- Task item
No pictures go into the copy. Write out exactly the lines below from the one containing "首に沿い顔周りをスッキリ見せ" through the one containing "En un bowl mezclar".

- Data

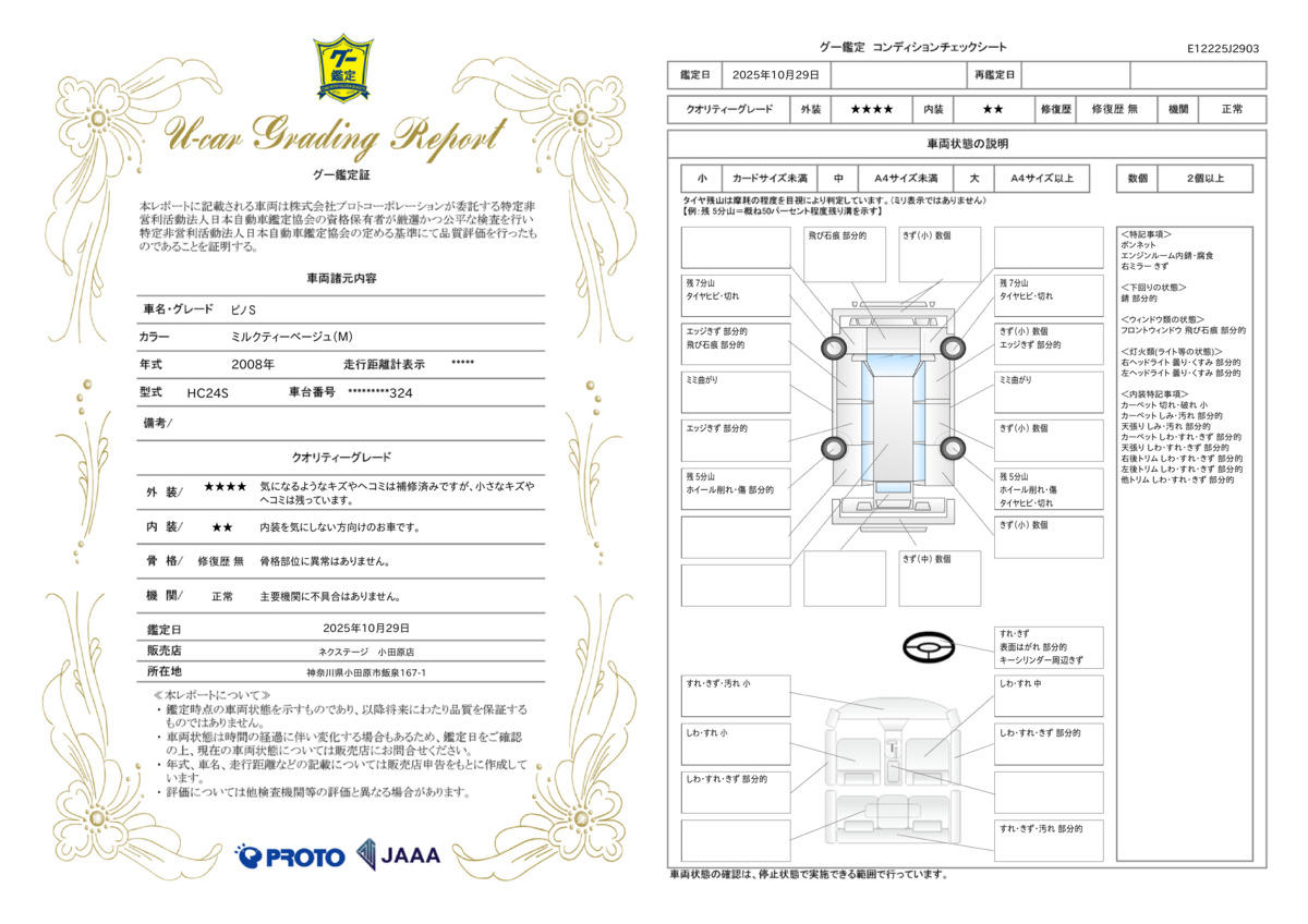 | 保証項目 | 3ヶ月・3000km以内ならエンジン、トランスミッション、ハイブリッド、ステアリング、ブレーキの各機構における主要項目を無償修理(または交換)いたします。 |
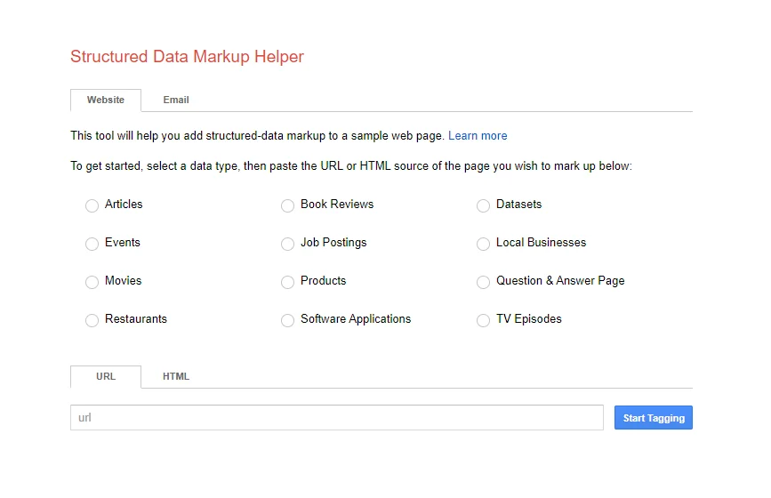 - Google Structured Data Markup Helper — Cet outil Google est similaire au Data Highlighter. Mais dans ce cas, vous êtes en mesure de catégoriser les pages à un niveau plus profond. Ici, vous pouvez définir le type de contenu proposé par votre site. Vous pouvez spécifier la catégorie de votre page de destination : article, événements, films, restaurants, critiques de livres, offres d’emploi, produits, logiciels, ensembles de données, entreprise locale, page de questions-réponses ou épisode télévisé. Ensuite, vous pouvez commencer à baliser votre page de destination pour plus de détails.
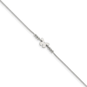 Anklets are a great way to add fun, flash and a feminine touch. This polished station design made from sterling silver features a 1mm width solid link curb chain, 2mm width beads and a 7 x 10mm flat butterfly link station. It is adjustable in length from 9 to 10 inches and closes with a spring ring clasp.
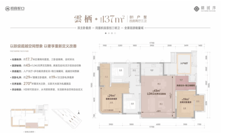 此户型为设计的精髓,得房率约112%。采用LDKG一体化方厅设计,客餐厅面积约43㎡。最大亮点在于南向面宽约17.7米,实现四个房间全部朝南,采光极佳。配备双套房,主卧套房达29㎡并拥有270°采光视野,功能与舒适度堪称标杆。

==

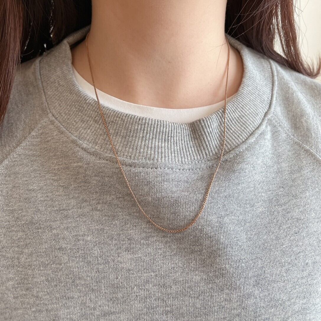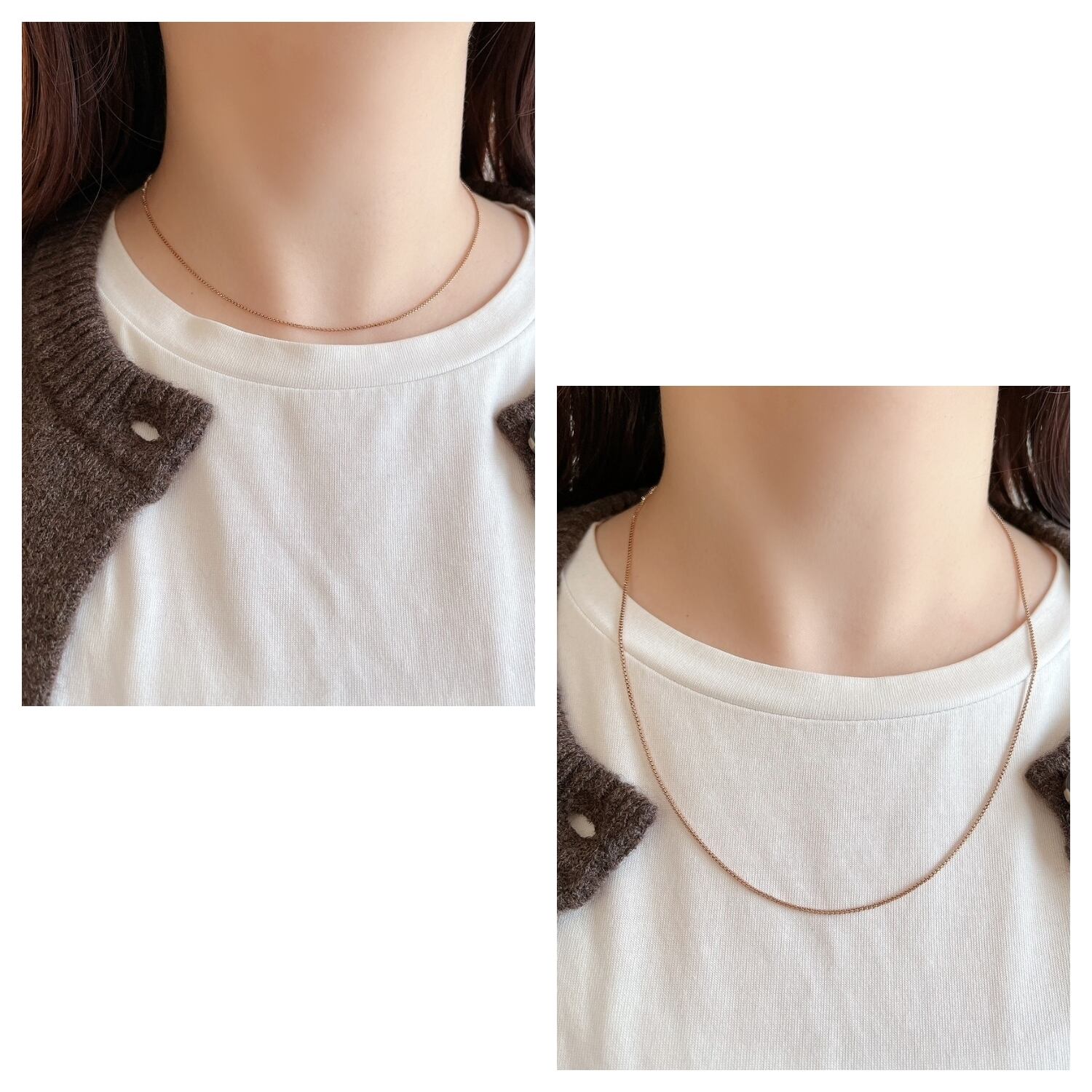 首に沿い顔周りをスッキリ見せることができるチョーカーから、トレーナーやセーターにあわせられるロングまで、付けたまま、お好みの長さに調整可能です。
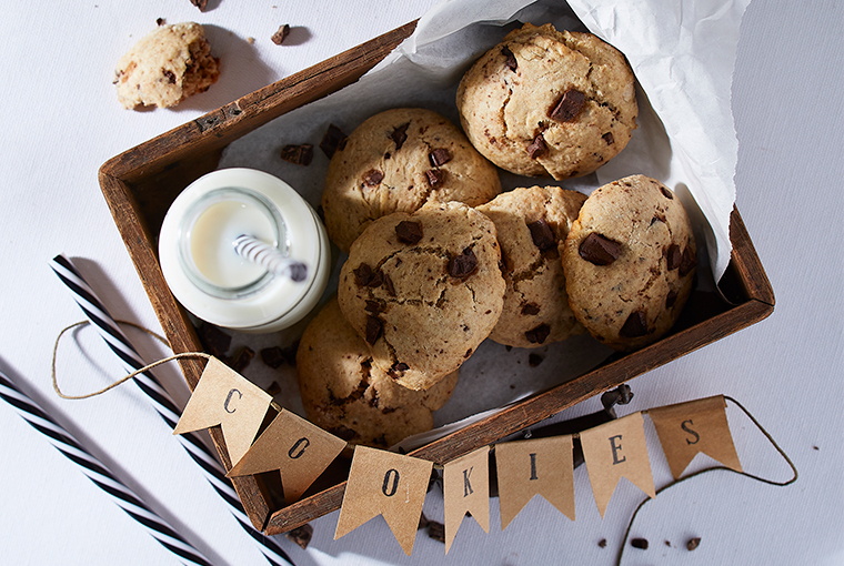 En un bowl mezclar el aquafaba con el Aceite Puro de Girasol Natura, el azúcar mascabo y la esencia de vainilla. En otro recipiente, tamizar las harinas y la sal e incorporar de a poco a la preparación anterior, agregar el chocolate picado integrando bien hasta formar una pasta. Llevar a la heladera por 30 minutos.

- Answer to the problem
 首に沿い顔周りをスッキリ見せることができるチョーカーから、トレーナーやセーターにあわせられるロングまで、付けたまま、お好みの長さに調整可能です。
 En un bowl mezclar el aquafaba con el Aceite Puro de Girasol Natura, el azúcar mascabo y la esencia de vainilla. En otro recipiente, tamizar las harinas y la sal e incorporar de a poco a la preparación anterior, agregar el chocolate picado integrando bien hasta formar una pasta. Llevar a la heladera por 30 minutos.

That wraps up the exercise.